Republican presidential candidate Mitt Romney will not sign a controversial marriage vow from the Iowa social conservative group, Family Leader.
"Mitt Romney strongly supports traditional marriage but he felt this pledge contained references and provisions that were undignified and inappropriate for a presidential campaign," said campaign spokeswoman Andrea Saul late Tuesday night.
Michele Bachmann and Rick Santorum, who are also vying for the Republican presidential nomination, signed "The Marriage Vow -- A Declaration of Dependence upon Marriage and Family."
They later had to clarify their support for the pledge because it contained a preamble suggesting black children born into slavery had better family structures than black children now.
The excerpt has since been removed.
The Family Leader is an important socially conservative group in the first-in-the-nation caucus state of Iowa, holding sway over the state's traditionally more conservative caucus goers who influence the fate of presidential campaigns.
A spokesman former Sen.

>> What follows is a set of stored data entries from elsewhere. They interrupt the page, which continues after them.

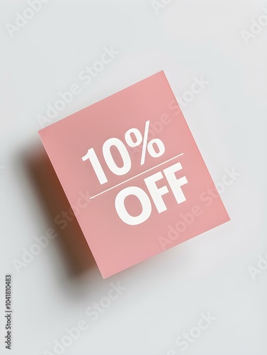 White '10% OFF' Text on a Light Pink Square Paper Note. White Background
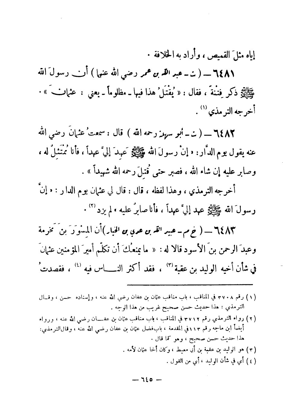 6481 - (ت) عبد الله بن عمر - رضي الله عنهما - أن رسولَ الله - صلى الله عليه وسلم- ذكر فِتْنة، فقال: «يُقْتَلُ هذا فيها - مظلوماً - يعني: عثمانَ» . أخرجه الترمذي (¬1) .
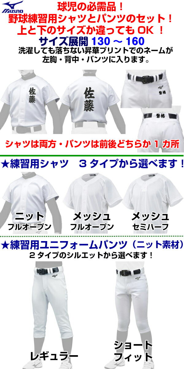 【ミズノジュニア用ネーム入り野球練習着上下セット】 それぞれのタイプからお好みで選べる練習着。
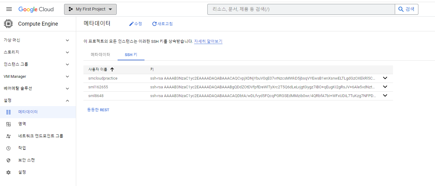 다음으로는 Compute Engine 탭의 설정 > 메타데이터로 이동을 한다.
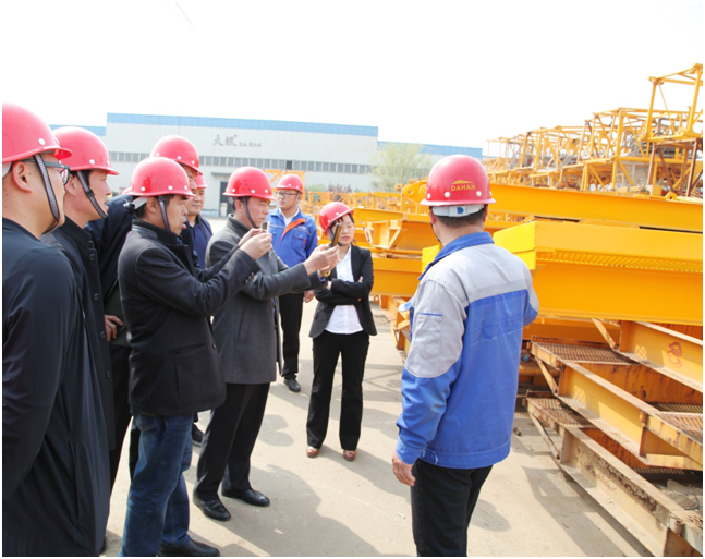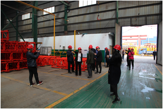 技術(shù)人員陪同質(zhì)安中心主要領(lǐng)導(dǎo)和各單位負責人參觀了大漢股份的塔機維修車間。
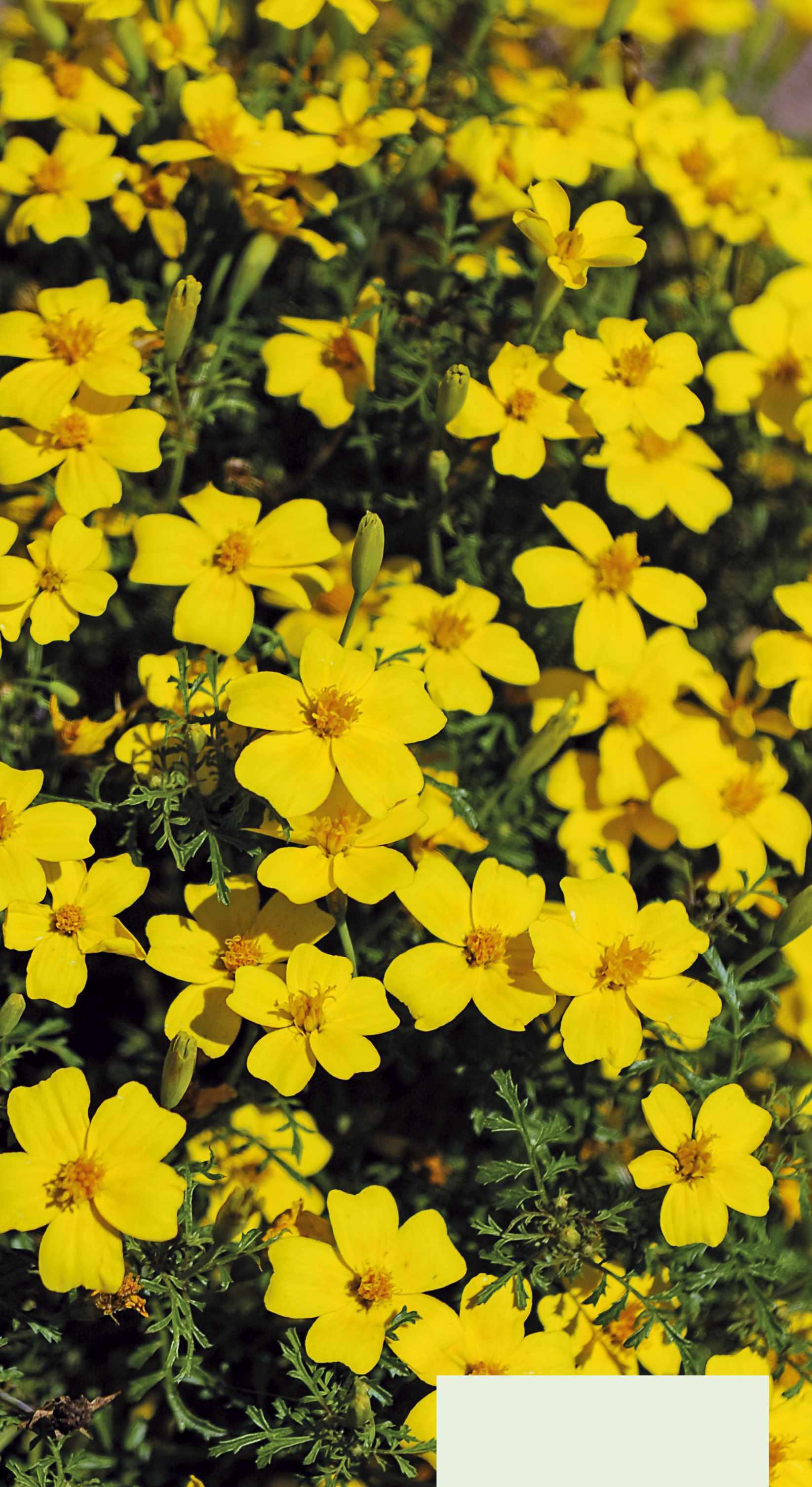 ■ Care These are frost-tender, half-hardy annuals to sow in spring in a propagator and grow on in the greenhouse or propagator for planting after the last frost. Regular deadheading is important to keep the plants looking good and to keep the flowers coming, although this is far easier with African marigolds than with ‘tagetes’ types.

Santorum of Pennsylvania told CNN Monday he was "pleased" to sign the pledge, but agreed with the Leader's decision to remove the language about slavery.
"Senator Santorum was pleased to sign the Iowa Family Leader's pledge because he is committed to standing up for traditional marriage. The bigger question here is why aren't more Republicans having the courage to stand up for the institution of marriage and signing this pledge," Virginia Davis said in an email. "With that said, Senator Santorum believed it was the right thing for the Iowa Family Leader to remove the language from the preamble to the pledge about slavery."